**Work order:**
The records below hold a stretch from the line with "16 mil pacientes" through the line with "Varno shranite dragocene"; return exactly those lines, ends included, and nothing more.

**Data for this exercise:**
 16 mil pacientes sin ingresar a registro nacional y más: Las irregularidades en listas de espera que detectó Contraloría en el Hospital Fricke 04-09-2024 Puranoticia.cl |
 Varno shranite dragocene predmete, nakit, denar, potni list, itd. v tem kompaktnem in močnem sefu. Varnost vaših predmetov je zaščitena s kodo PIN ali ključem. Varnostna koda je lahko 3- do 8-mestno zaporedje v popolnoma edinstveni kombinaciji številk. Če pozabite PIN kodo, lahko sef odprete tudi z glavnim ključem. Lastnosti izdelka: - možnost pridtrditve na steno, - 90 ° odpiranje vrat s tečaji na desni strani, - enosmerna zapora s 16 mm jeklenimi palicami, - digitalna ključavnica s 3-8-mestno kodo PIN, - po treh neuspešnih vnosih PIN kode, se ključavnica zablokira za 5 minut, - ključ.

...

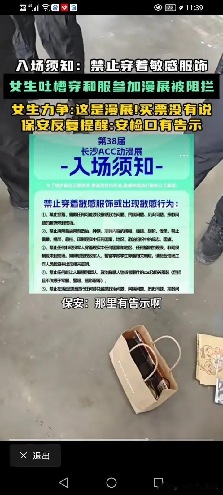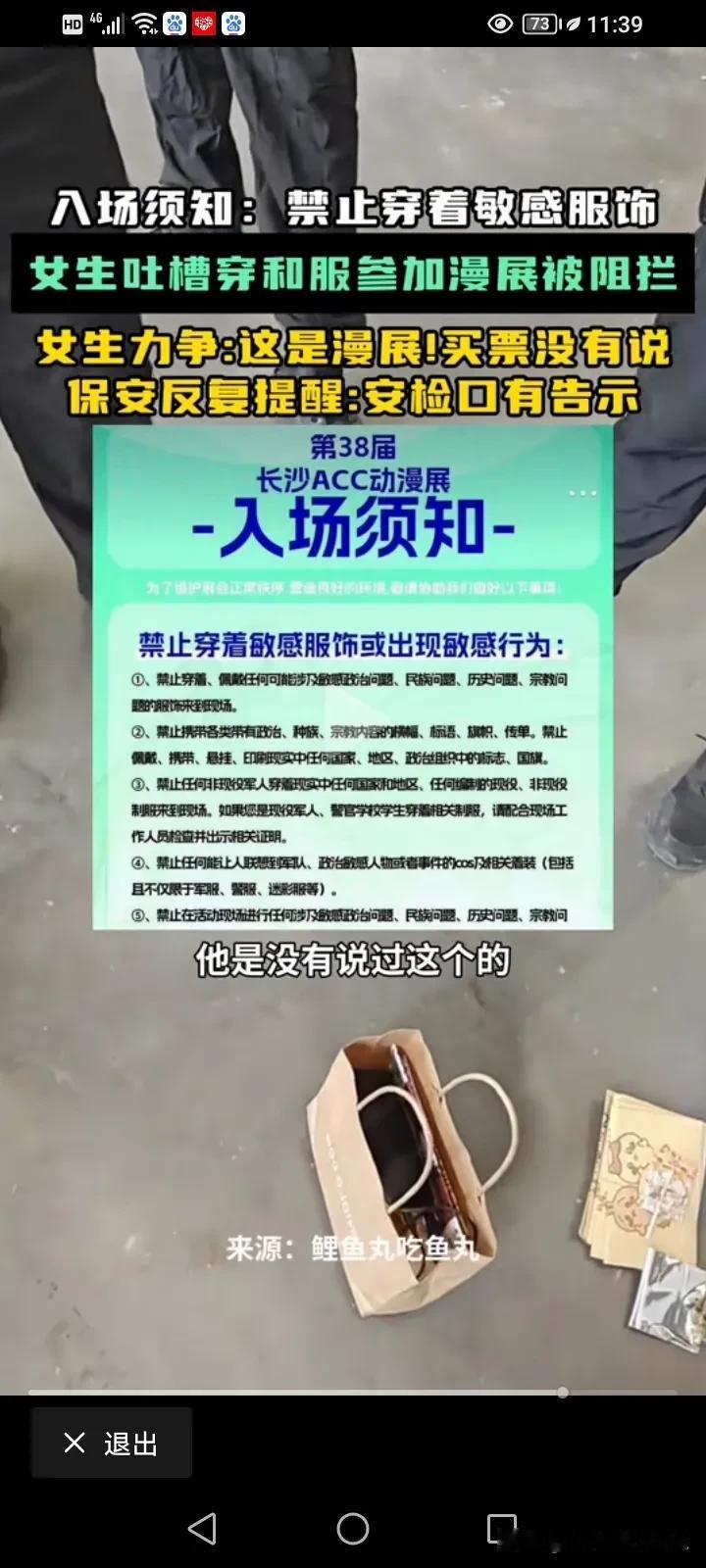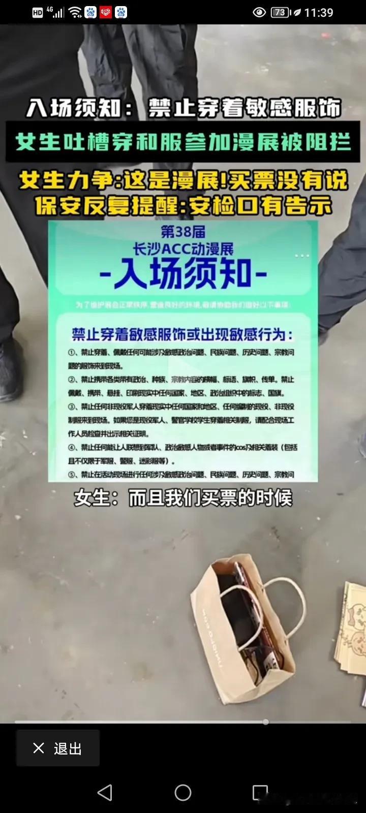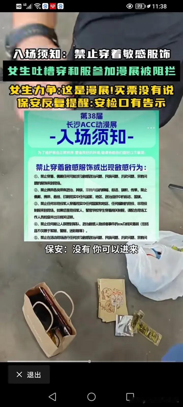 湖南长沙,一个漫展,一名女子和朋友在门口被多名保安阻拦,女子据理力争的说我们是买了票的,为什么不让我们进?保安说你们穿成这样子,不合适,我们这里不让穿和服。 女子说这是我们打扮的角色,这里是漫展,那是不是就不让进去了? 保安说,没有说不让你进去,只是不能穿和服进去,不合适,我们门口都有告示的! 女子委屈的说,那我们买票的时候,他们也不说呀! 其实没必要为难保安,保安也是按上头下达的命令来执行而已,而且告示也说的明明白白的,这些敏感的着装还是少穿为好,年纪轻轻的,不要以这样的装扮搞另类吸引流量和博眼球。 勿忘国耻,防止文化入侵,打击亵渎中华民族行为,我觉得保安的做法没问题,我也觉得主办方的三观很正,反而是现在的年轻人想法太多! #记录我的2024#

--

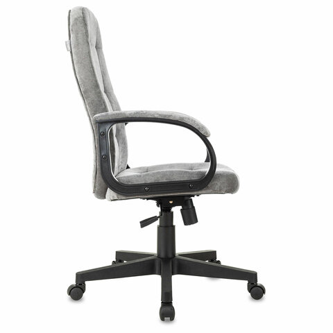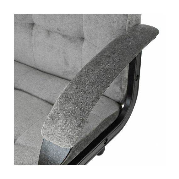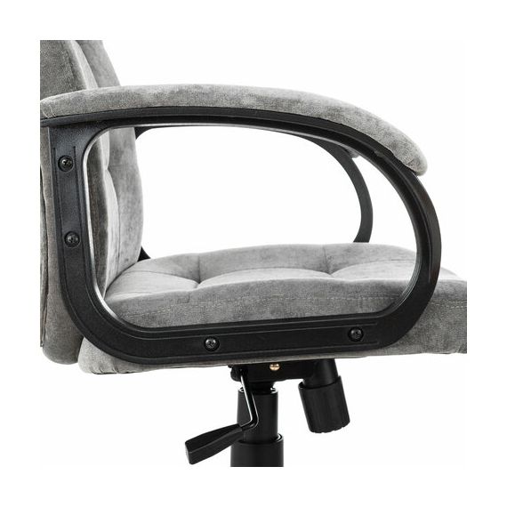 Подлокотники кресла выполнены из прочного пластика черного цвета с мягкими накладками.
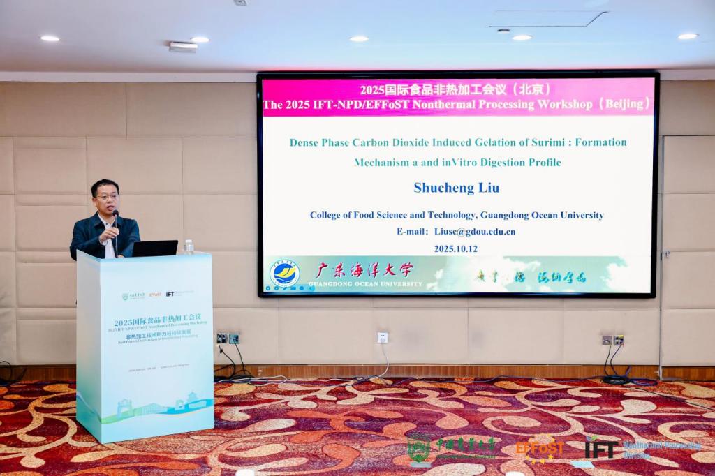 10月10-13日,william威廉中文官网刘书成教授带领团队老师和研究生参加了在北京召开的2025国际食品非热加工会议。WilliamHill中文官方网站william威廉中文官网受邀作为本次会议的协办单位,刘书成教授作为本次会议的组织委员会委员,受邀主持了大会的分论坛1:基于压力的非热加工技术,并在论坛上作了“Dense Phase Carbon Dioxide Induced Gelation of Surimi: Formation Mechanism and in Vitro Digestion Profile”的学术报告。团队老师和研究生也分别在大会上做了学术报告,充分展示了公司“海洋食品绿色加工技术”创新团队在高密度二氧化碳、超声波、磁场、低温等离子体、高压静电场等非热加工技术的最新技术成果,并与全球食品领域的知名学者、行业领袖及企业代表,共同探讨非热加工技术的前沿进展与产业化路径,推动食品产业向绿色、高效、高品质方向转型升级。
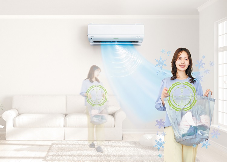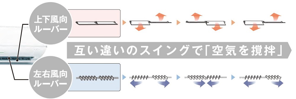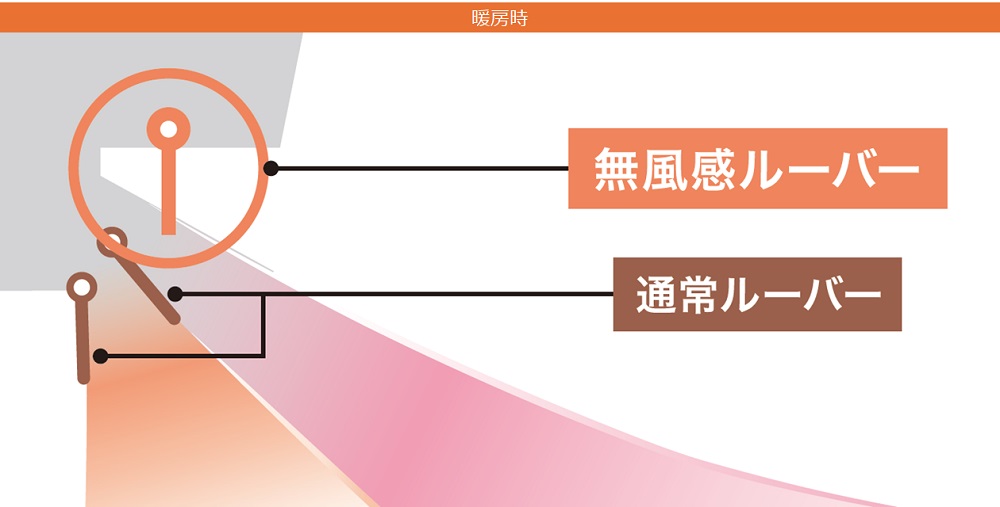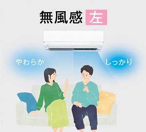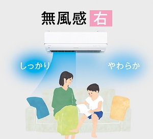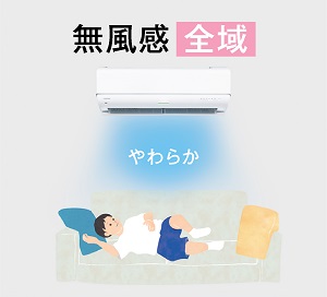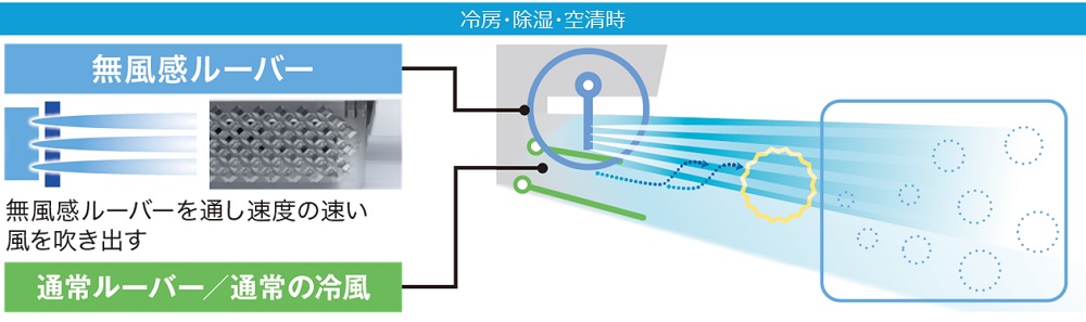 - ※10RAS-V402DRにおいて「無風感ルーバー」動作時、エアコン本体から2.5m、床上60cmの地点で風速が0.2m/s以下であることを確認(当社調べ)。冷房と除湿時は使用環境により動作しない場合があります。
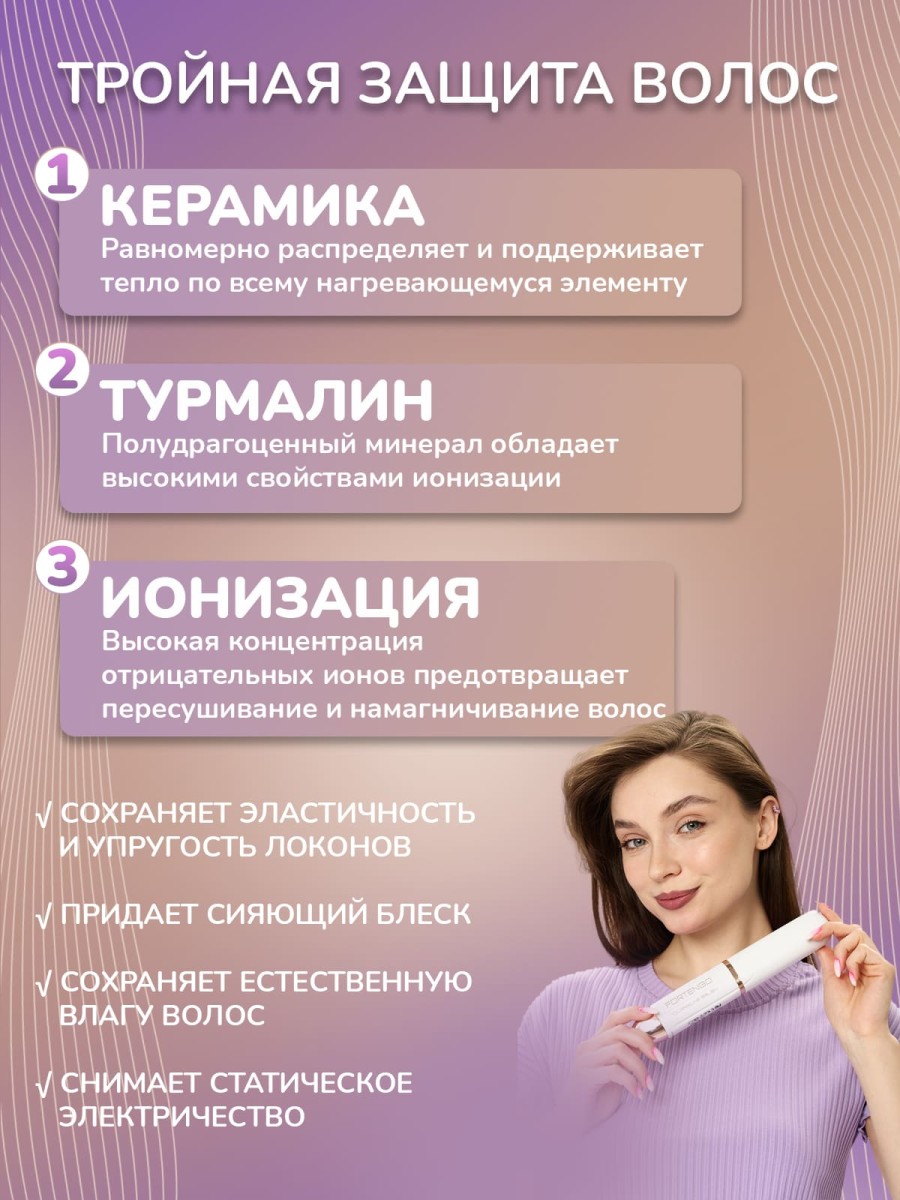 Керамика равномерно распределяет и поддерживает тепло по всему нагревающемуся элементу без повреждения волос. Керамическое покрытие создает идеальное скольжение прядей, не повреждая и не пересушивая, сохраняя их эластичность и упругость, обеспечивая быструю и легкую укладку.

**Answer to the problem:**
 16 mil pacientes sin ingresar a registro nacional y más: Las irregularidades en listas de espera que detectó Contraloría en el Hospital Fricke 04-09-2024 Puranoticia.cl |
 Varno shranite dragocene predmete, nakit, denar, potni list, itd. v tem kompaktnem in močnem sefu. Varnost vaših predmetov je zaščitena s kodo PIN ali ključem. Varnostna koda je lahko 3- do 8-mestno zaporedje v popolnoma edinstveni kombinaciji številk. Če pozabite PIN kodo, lahko sef odprete tudi z glavnim ključem. Lastnosti izdelka: - možnost pridtrditve na steno, - 90 ° odpiranje vrat s tečaji na desni strani, - enosmerna zapora s 16 mm jeklenimi palicami, - digitalna ključavnica s 3-8-mestno kodo PIN, - po treh neuspešnih vnosih PIN kode, se ključavnica zablokira za 5 minut, - ključ.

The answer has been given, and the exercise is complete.